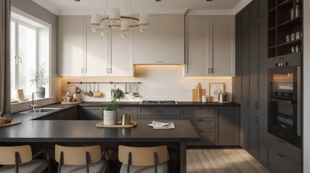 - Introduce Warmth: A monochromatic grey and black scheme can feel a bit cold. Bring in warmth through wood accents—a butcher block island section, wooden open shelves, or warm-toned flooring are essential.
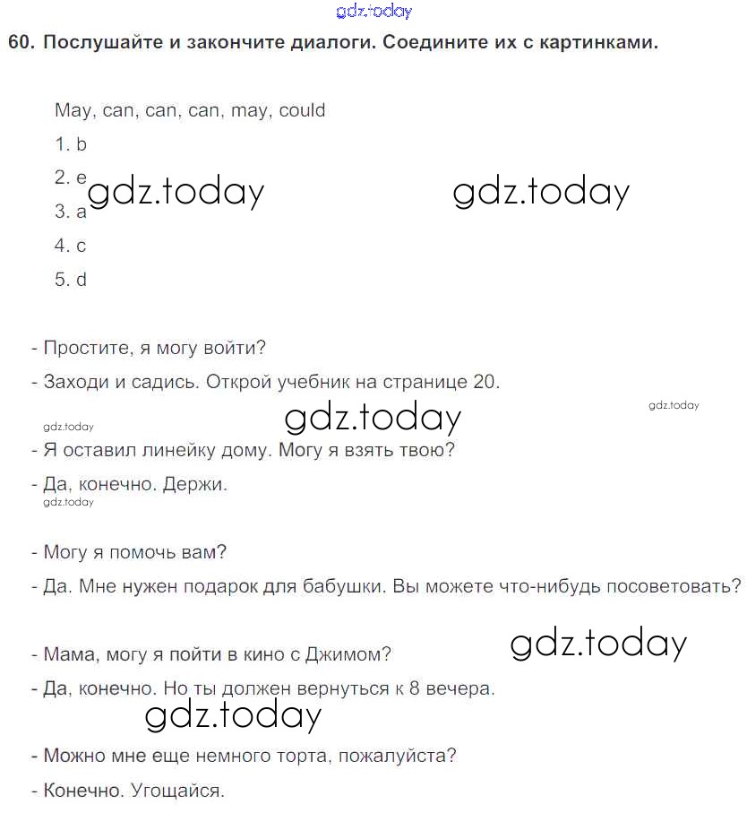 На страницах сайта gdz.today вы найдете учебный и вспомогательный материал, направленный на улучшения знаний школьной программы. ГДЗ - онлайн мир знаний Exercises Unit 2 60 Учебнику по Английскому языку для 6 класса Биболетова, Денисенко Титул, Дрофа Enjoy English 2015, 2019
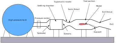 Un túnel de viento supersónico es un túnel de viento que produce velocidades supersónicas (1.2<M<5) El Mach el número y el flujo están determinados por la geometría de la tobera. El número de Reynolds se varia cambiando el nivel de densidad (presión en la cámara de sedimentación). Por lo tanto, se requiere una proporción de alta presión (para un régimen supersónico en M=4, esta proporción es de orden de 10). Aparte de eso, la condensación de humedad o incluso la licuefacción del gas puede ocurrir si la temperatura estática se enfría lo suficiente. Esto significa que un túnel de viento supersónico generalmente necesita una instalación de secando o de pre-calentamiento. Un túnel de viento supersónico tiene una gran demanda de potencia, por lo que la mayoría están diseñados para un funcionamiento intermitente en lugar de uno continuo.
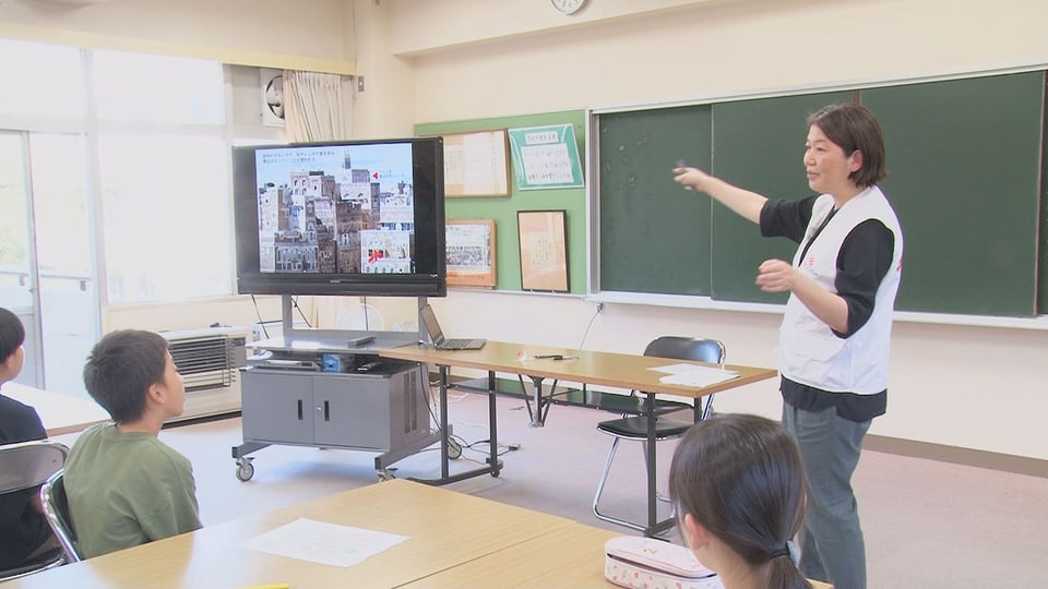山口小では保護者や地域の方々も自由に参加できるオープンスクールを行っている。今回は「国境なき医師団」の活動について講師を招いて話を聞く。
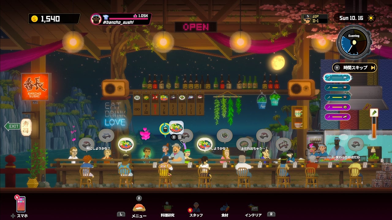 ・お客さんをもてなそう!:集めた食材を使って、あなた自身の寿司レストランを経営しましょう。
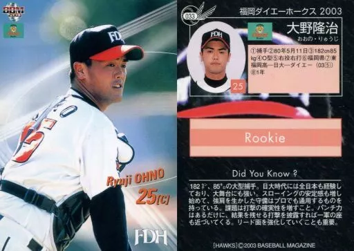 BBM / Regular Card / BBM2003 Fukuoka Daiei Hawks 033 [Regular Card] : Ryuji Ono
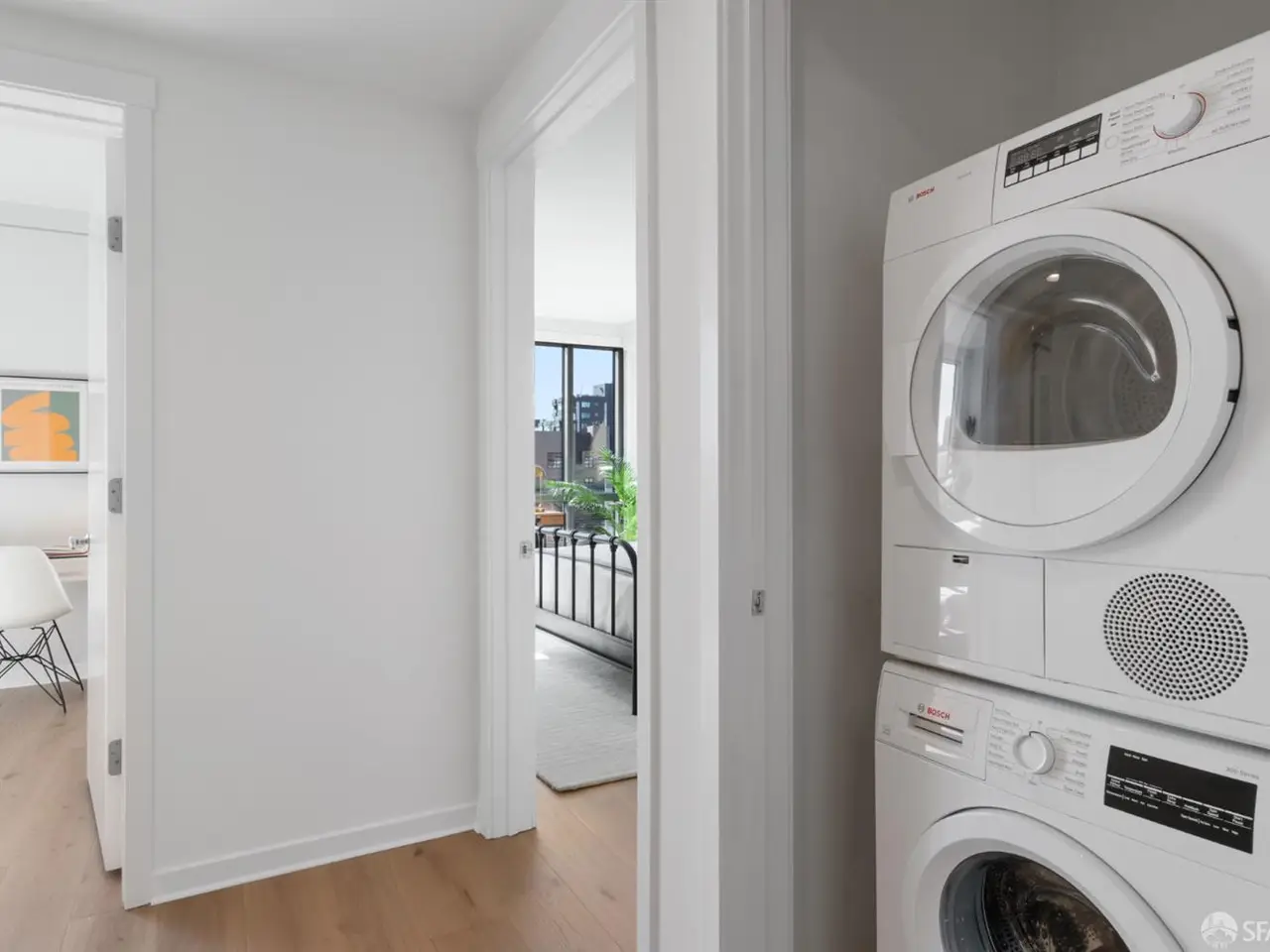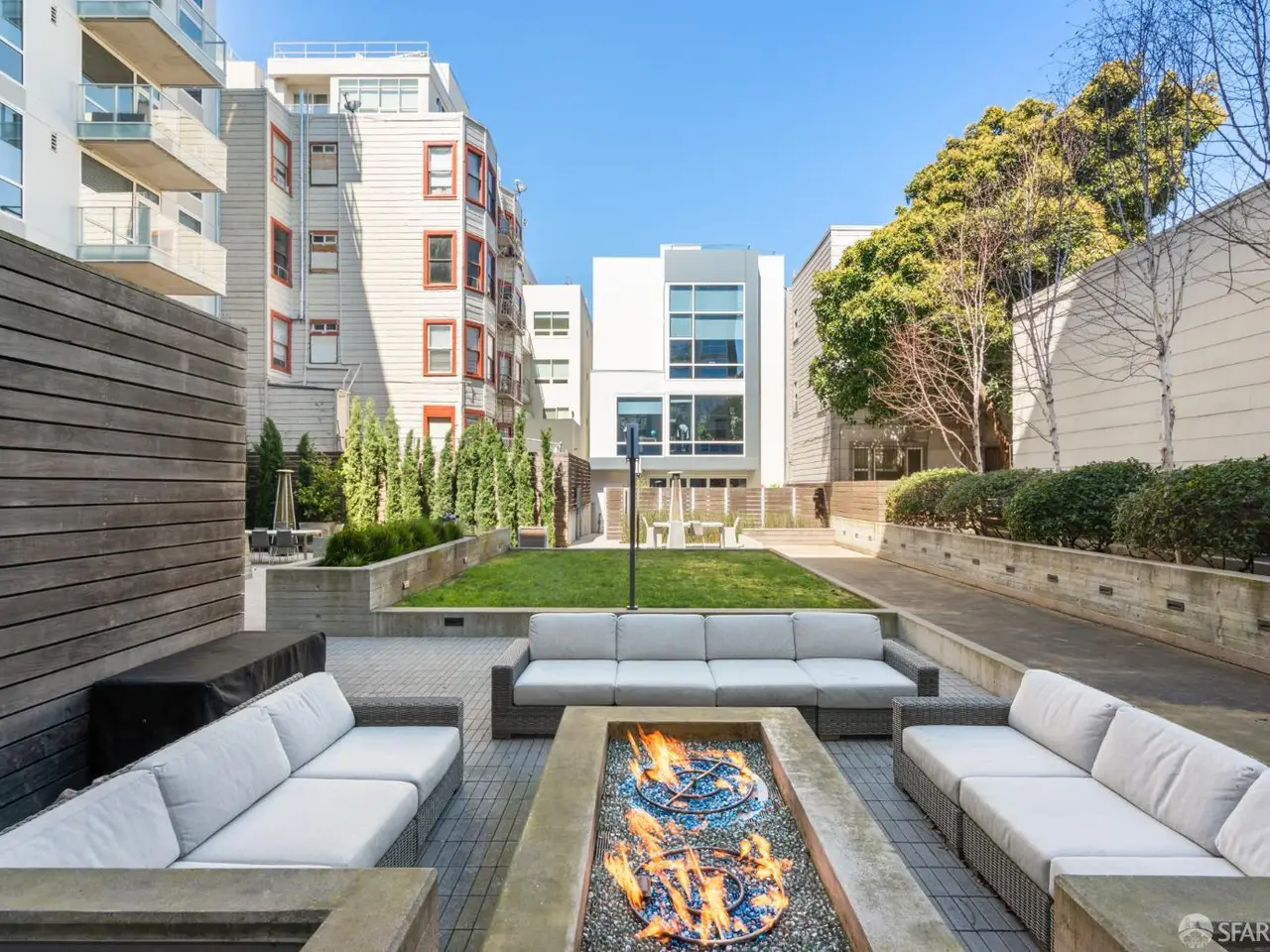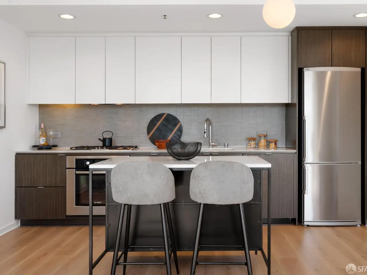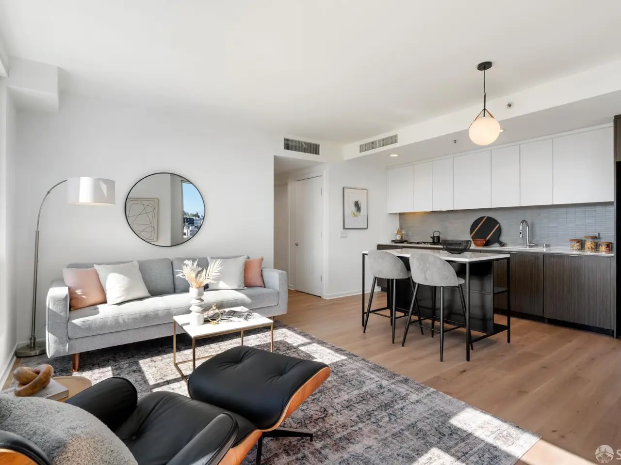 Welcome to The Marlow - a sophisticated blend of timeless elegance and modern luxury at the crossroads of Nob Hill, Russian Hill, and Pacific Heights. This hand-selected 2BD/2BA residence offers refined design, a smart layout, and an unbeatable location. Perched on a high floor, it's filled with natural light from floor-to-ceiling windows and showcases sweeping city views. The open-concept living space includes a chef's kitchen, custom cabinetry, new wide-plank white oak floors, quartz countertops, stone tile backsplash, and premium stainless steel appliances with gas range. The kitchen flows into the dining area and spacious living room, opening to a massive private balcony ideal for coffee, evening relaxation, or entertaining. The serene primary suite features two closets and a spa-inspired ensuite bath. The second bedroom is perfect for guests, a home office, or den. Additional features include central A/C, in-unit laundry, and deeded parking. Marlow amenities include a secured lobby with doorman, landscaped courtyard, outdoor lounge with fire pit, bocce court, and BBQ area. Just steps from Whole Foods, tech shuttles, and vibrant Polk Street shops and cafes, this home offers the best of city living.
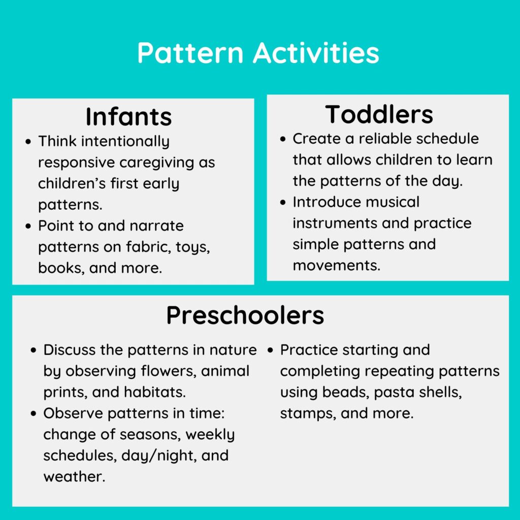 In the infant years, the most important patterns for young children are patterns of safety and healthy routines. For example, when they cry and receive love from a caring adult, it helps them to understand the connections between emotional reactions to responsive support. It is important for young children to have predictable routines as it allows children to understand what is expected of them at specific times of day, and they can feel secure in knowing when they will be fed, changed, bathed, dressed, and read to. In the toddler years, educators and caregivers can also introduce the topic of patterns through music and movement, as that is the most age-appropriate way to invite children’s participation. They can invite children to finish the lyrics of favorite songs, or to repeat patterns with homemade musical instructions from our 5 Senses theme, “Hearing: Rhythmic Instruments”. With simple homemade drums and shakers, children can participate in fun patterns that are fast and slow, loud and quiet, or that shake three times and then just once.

*****

What this task involves — Print nothing except the lines above from the one containing "Un túnel de viento supersónico es" down to the one containing "BBM / Regular", both included, exactly as written and free of pictures.

Result of this task —
 Un túnel de viento supersónico es un túnel de viento que produce velocidades supersónicas (1.2<M<5) El Mach el número y el flujo están determinados por la geometría de la tobera. El número de Reynolds se varia cambiando el nivel de densidad (presión en la cámara de sedimentación). Por lo tanto, se requiere una proporción de alta presión (para un régimen supersónico en M=4, esta proporción es de orden de 10). Aparte de eso, la condensación de humedad o incluso la licuefacción del gas puede ocurrir si la temperatura estática se enfría lo suficiente. Esto significa que un túnel de viento supersónico generalmente necesita una instalación de secando o de pre-calentamiento. Un túnel de viento supersónico tiene una gran demanda de potencia, por lo que la mayoría están diseñados para un funcionamiento intermitente en lugar de uno continuo.
山口小では保護者や地域の方々も自由に参加できるオープンスクールを行っている。今回は「国境なき医師団」の活動について講師を招いて話を聞く。
 ・お客さんをもてなそう!:集めた食材を使って、あなた自身の寿司レストランを経営しましょう。
 BBM / Regular Card / BBM2003 Fukuoka Daiei Hawks 033 [Regular Card] : Ryuji Ono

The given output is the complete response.